Bonus: MacOS (OS X El Capitan) has a keyring daemon running that provides ssh-agent functionality

In conclusion: with one exception, all tested distributions and even the Mac had an agent running in default install with SSH_AUTH_SOCK environment variable having a working socket for ssh-add to work with.

Edit: added Lubuntu, Xubuntu, ElementaryOS and openSUSE Leap
Edit2: added Antegros and Manjaro

PR #1098 is now feature complete and implements a client for ssh-agent or Pageant. Feel free to test it.

Initial agent support has been merged. Please create new issues for enhancements that can be tracked separately.

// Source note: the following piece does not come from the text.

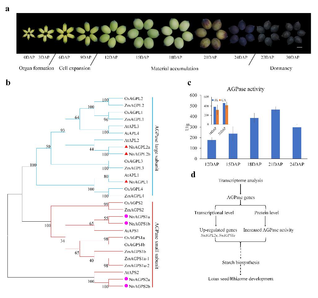 进展一:研究者分别对30个子莲栽培种的莲子营养成分进行分析,发现授粉后15天(15DAP)的青鲜莲子和成熟莲子中的淀粉平均含量分别为28.20%和47.12%。通过莲子比较转录组分析,揭示淀粉和蔗糖代谢途径参与莲子发育进程,多个参与淀粉合成途径的酶编码基因在9DAP - 12DAP发育进程中诱导上调表达,包括ADP葡萄糖焦磷酸化酶(AGPase)。结合莲前期已公布基因组数据,分别鉴定到3个和4个基因编码AGPase大亚基和小亚基,且进化分析表明大小亚基分化明确。通过表达分析发现NnAGPL2a和NnAGPS1a为参与莲子发育优势表达基因,其与多个参与淀粉和蔗糖代谢途径基因存在共表达关系。此外,研究者发现NnAGPL2a和NnAGPS1a基因的表达模式AGPase酶活性变化和莲子中淀粉含量的积累三者之间的变化模式趋于一致。以上研究结果拓展了对莲子淀粉合成的分子机制的认识,为高淀粉子莲新品种的改良和选育提供理论依据。该研究成果以“Comprehensive analysis of AGPase genes uncovers their potential roles in starch biosynthesis in lotus seed” 为题,发表于国际学术期刊BMC Plant Biology。武汉植物园莲种质资源与遗传育种学科组助理研究员孙恒和湖北工程学院李娟娟为论文共同第一作者,杨美研究员为论文通讯作者。本研究得到国家自然科学基金、中国科学院前沿科学重点研究项目和中国科学院青年创新促进会项目的资助。

Very sorry for notifying literally all of you, but I need to ask

Storing keys in KeePassXC along with password instead is a bad idea.

Why? I'm not saying it's a good idea, but, I mean, if somebody has cracked your vault you're already screwed...? Just asking because I'm currently doing this (it's my way of backing up my SSH Key. Although bad... it works for now) and got a little worried 😛

@jD91mZM2 It comes down to personal preference. Technically if you keep your keys external you have "more" security as then if someone steals your database and is somehow able to unlock it they can't access your SSH keys (although I would argue there's a bigger issue than SSH keys at that point) but only their passphrases.

Regardless which your preference is, the upcoming 2.3.0 feature will support both so you can make the choice yourself.